We also spent one day in Sorrento which has great shopping. I had to buy an extra carry-on bag before flying home. Because we flew on Air France through CdG, we ran into a work slowdown as protest over pension reform which caused a tight connection time but no other problem. Thanks are due to many of you on the forum for helpful advice in planning this trip. Every day was special!

----------


## GramChop

wow!  your photos brought back so many great memories of my trip several years ago.

i enjoyed a very long (and very expensive) lunch just above the blue grotto.  no boats were going in as the swells were very high that day.  our waiter said it was a good thing because sometimes, depending on the way the wind blew, you could hear many versions of 'o solo mio' wafting up from down below.

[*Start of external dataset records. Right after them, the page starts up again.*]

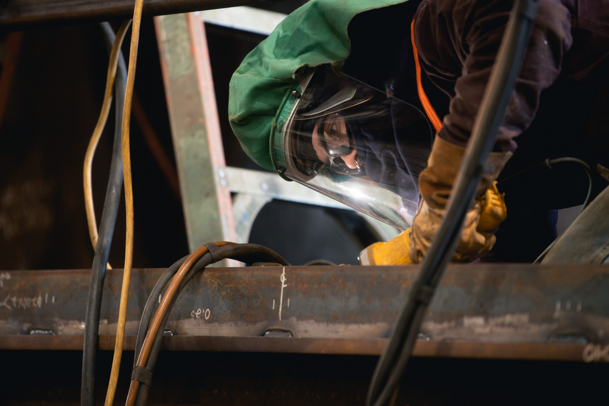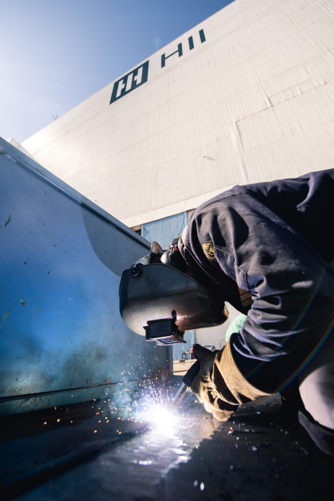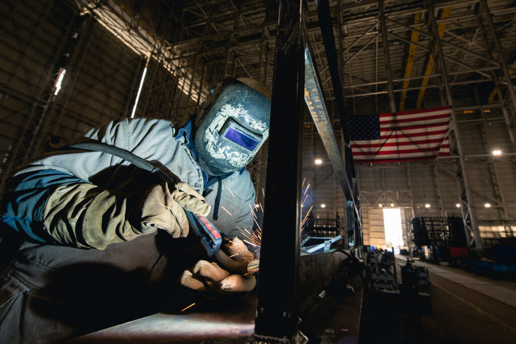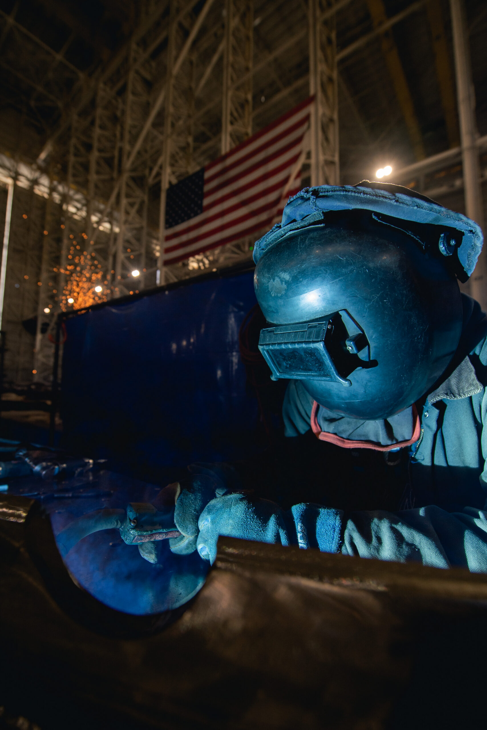 Rickie Manigault welds in an NNS Charleston Operations facility.
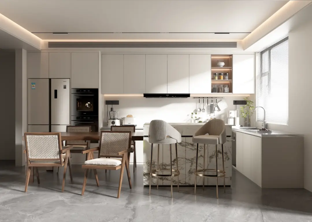 The optimal height of the bottom of the hanging cabinet from the ground is usually above 160 cm. The distance between the hanging cabinet and the cabinet countertop is generally 60-70 cm according to the industry standard, and 70 cm is more common.
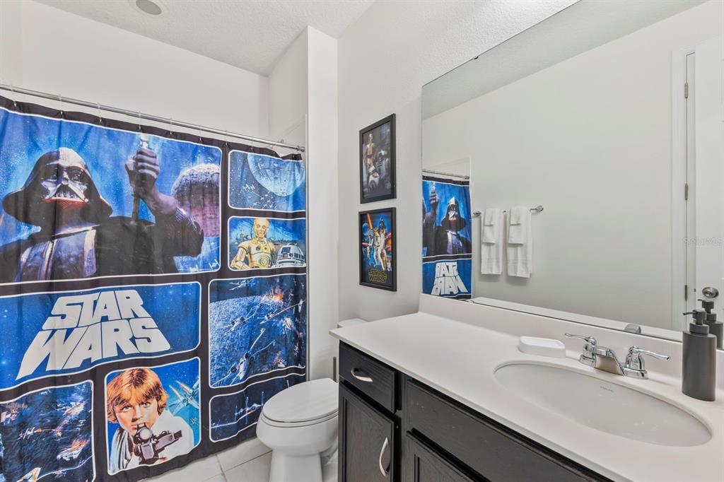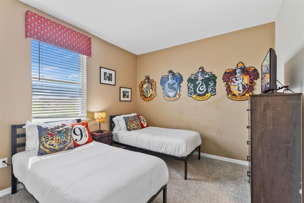 Sleeping arrangements include a mix of king suites, twin bedrooms, and a fun themed bunk room, ensuring everyone has a comfortable space to recharge. Kids will delight in the themed bedrooms that bring their favorite characters to life. Step outside to your private outdoor oasis featuring a pool, hot tub, and shaded al fresco dining area—ideal for enjoying Florida’s year-round sunshine and hosting BBQs or poolside fun.
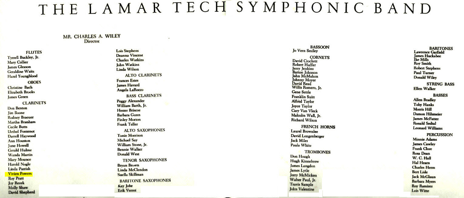 One of Vivien's scholarships was to play in the Lamar Tech marching band. Vivien is listed as playing the clarinet, but due to the large size of the band,

thank you for sharing this photos with us!  your trip had to have been simply magical!!!

----------


## amyb

Josh it has been an absolute pleasure traveling with you. Your pictures took us right along the streets and paths you yourself roamed-grazie,  grazie mille.

----------


## MIke R

great stuff...I love Capri so much...I will never forget walking across the piazza in Capri and coming towards me is a guy with one of my P Town Cafe T shirts on....blew my mind


when the time is right, and Wendi and I do the I will show you my Italy and you show me your France trip.....much of what you posted will be in my "tour"

----------


## JoshA

Thanks, Amy, GC ... and Mike, I'd love to see your Italy someday.

----------


## Petri

> I will show you my Italy



That sounds so like you're member of the mafia  :Big Grin:

----------


## carolgreen145

no differently than some New Yorkers would react to a hard core Mississippi accent

----------